Compartiendo instantes en lo espiritual

De la serie Voces Ensortijadas.
por Mª Gabriela López Suárez.
Tuxtla. Chiapas.

Una tarde soleada, de las que anuncian la llegada de la primavera y el acompañamiento musical del mantra Om Mani Padme Hum, trajo a la mente y corazón de Inés una de las experiencias espirituales más gratas en su vida, la mañana en la que junto con su amigo Mario habían compartido la meditación sin proponerlo.

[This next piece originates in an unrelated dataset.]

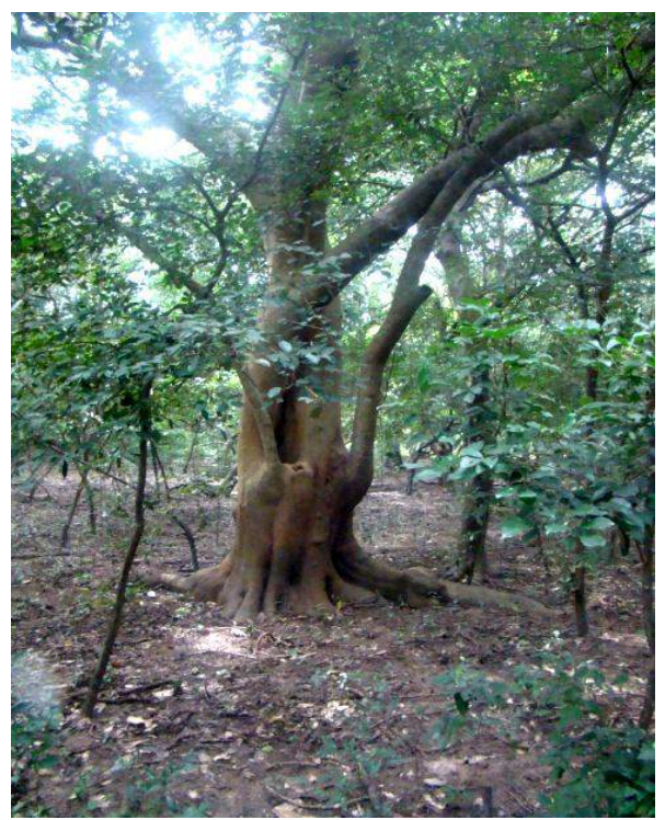
Fig. 2. S. nux-vomica tree in Bhitarkanika island

35-45 Celsius of maximum temperature and 4-18 Celsius of minimum temperature. It is

Inés recordó que ese día el plan era hacer un recorrido, hasta cierto punto algo turístico, a un pueblo cercano a la ciudad donde ella vivía. Mario estaba de visita y tenía gusto por conocer lugares pequeños, sin el afán de querer comerse los espacios en un solo rato. Más bien disfrutaba caminar por las calles menos turísticas, observando la cotidianidad de la población, escuchando sus sonidos, percibiendo sus olores, colores, paisajes, rostros, incluso hasta sus miedos…

Cuando llegaron al pueblito a Inés le tocó hacer el papel de guía de turista, fue algo curioso porque ella tenía tiempo de no visitar el lugar y no recordaba el camino para llegar al centro. Entre una que otra pregunta con personas del pueblo, Mario e Inés se ubicaron.

El primer sitio al que se dirigieron fue al panteón, un lugar místico, sobretodo por el sincretismo presente. Recorrieron la poca infraestructura que quedaba de lo que fue una iglesia. Inés comentó algunas cuestiones referentes a las costumbres del lugar y Mario le sumó sus opiniones, tenía puntos en común con el lugar donde vivía por las influencias culturales. Al término de ese breve recorrido Mario hizo una especie de agradecimiento al espacio visitado.

Posteriormente, se dirigieron a la pequeña plaza central para ir a la iglesia del pueblo. Mario había leído algo sobre esta iglesia en un artículo, tenía especial interés por conocerla. Inés le explicó las normas que debía seguir, especialmente no fotografiar al interior, de lo contrario la pasarían muy mal.

Entraron a la iglesia, había mucha gente, entre turistas y habitantes locales que, en pequeños grupos, estaban haciendo oración. Se escuchaban murmullos, rezos, cantos, estos últimos seguían un ritmo algo nostálgico, como especie de plegarias.

Se percibía la luz que penetraba de las ventanas y se confundía un poco con el intenso humo que había, producto de muchas velas y veladoras prendidas.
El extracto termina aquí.